Task data section start

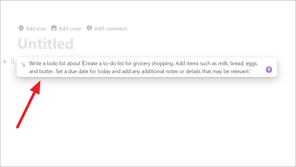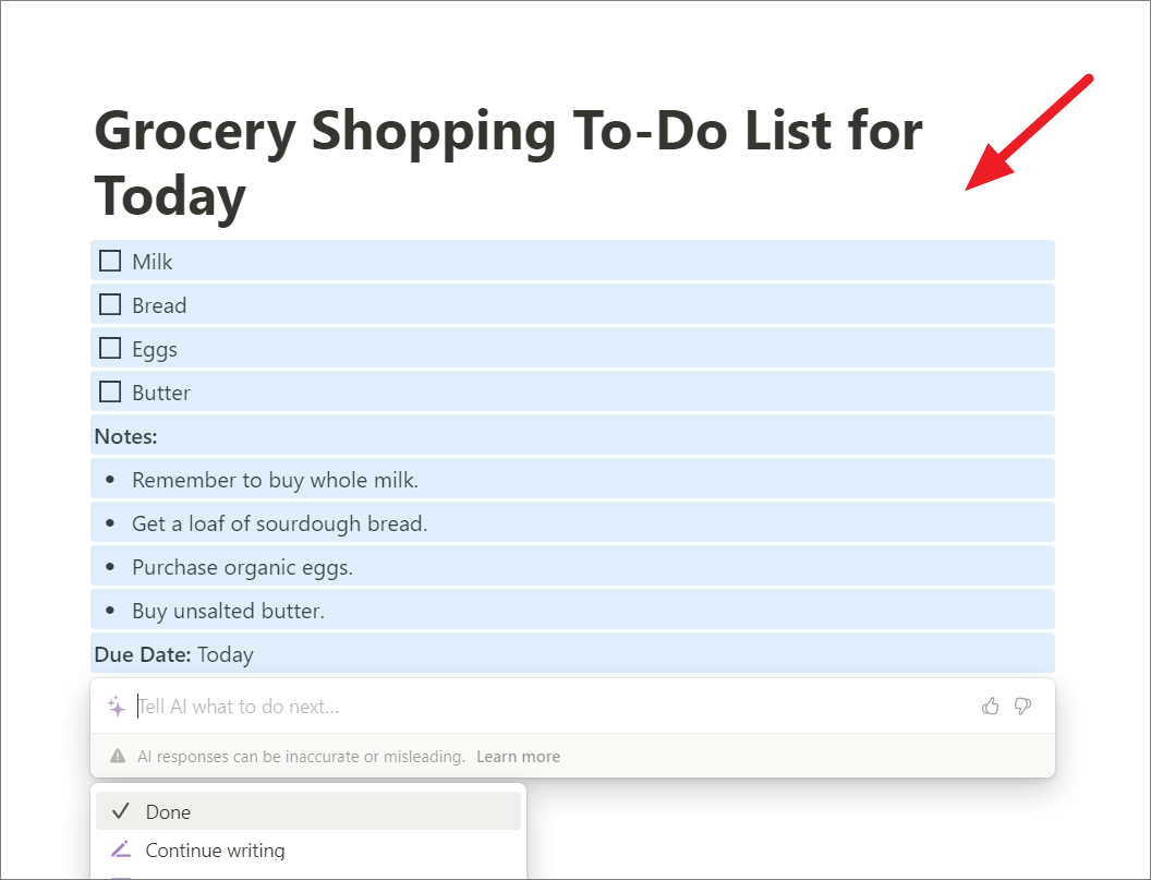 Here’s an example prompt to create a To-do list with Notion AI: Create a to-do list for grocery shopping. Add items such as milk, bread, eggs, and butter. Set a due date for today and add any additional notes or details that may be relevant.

Task data section end
Task data section start

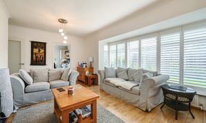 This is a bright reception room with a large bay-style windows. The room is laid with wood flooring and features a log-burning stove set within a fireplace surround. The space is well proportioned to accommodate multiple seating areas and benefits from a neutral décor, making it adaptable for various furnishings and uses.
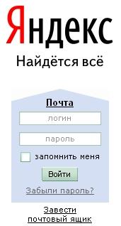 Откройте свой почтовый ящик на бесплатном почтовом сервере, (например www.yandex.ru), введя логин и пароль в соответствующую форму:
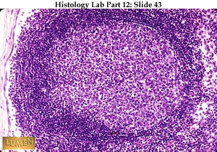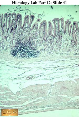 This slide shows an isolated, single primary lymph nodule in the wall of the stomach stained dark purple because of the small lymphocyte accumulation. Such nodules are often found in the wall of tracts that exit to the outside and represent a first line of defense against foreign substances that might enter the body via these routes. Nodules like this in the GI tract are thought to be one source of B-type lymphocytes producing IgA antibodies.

Task data section end

- _Aim of the exercise_
Within the listing above, the stretch from the line with "This is a bright" down to the line with "Откройте свой почтовый" is to be given again exactly, end lines included and pictures excluded.

- _Reply to the task_
 This is a bright reception room with a large bay-style windows. The room is laid with wood flooring and features a log-burning stove set within a fireplace surround. The space is well proportioned to accommodate multiple seating areas and benefits from a neutral décor, making it adaptable for various furnishings and uses.
 Откройте свой почтовый ящик на бесплатном почтовом сервере, (например www.yandex.ru), введя логин и пароль в соответствующую форму:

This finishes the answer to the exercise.